Exactly, the total mass of the asymmetric fission products are higher than the total mass of the symmetric products. But that means the binding energy released in the fission is higher for the symmetric products, since difference in mass of the parent nuclei and its products is larger.

For the case of symmetric products, the mass difference is about 0.2003u so the energy released is about 187MeV.
For the case of asymmetric products, the mass difference is about 0.1977u so the energy release is about 184MeV.

12. Jan 7, 2016

### bcrowell

Staff Emeritus
Both symmetric and asymmetric fission exist in nature. I don't think it's true that the Q value always favors one over the other, nor is it true that the Q value is always the decisive factor. And even so, note that the Q value is going to be influenced by shell effects, so you can't just reason based on expectations from the liquid drop model.

A better way to think about all of this is the following. We can parametrize the shape of a nucleus using a couple of parameters, call them $a_2$ and $a_3$. The $a_2$ parameter measures elliptical stretching, while $a_3$ measures asymmetric deformation into a pear shape. A sphere has $a_2=0$ and $a_3=0$. A uranium nucleus in its ground state might have $a_3=0$ (it's symmetric) and $a_2=0.2$ (a slight prolate deformation like an American football).

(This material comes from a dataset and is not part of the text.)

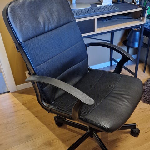Gir bort ein hvit kontorstol då den bare blir ståenes

Using techniques such as Strutinsky smearing, you can calculate a potential energy $U$ that is a function $U(a_2,a_3)$ of the deformation. You can visualize this as a surface. In its ground state, the nucleus sits in a metastable minimum of this function. On the average, the behavior of this function is that of the liquid drop model, but for a particular nucleus it incorporates shell corrections. (That's what the Strutinsky smearing does for you.) Because of the Heisenberg uncertainty principle, the nucleus in its ground state can't just sit at a single well-defined point in this landscape, with a well-defined shape. There are zero-point fluctuations in the shape. Large, low-probability fluctuations will carry the nucleus into classically forbidden areas. By tunneling, it can break out into the region where the deformation is so large that it will break up. The route that it takes will essentially be the one that minimizes the height and width of the potential barrier, so that the WKB tunneling probability is maximized. If this route heads out to nonzero values of $a_3$, then there is spontaneous symmetry breaking, and you get asymmetric fission. Otherwise, you get symmetric fission.

The Q value will certainly be *correlated* with the WKB tunneling probability, but it's not a perfect correlation.

This paper gives a good overview: http://www.nature.com/nature/journal/v409/n6822/full/409785a0.html

To see some real calculated potential energy surfaces, you can go here: https://t2.lanl.gov/nis/data/astro/molnix96/peseps2gamma-fis.html . The parameter $\epsilon_2$ they use is basically the same as the $a_2$ I was referring to in the generic description above. Their $\gamma$ isn't equivalent to $a_3$ but describes a different type of asymmetry. I believe the surface actually shows the PE at each point that is minimized with respect to a parameter like $a_3$, but that parameter's actual value is hidden on these plots. The Nature paper goes into a lot more detailed description of asymmetric and symmetric fission, but it doesn't actually show potential energy surfaces.

13. Jan 7, 2016

### Noddi

That's a really cool idea to think of the potential energy as a function of deformation as a surface. I think I understand the process more clearly now so thank you very much for that.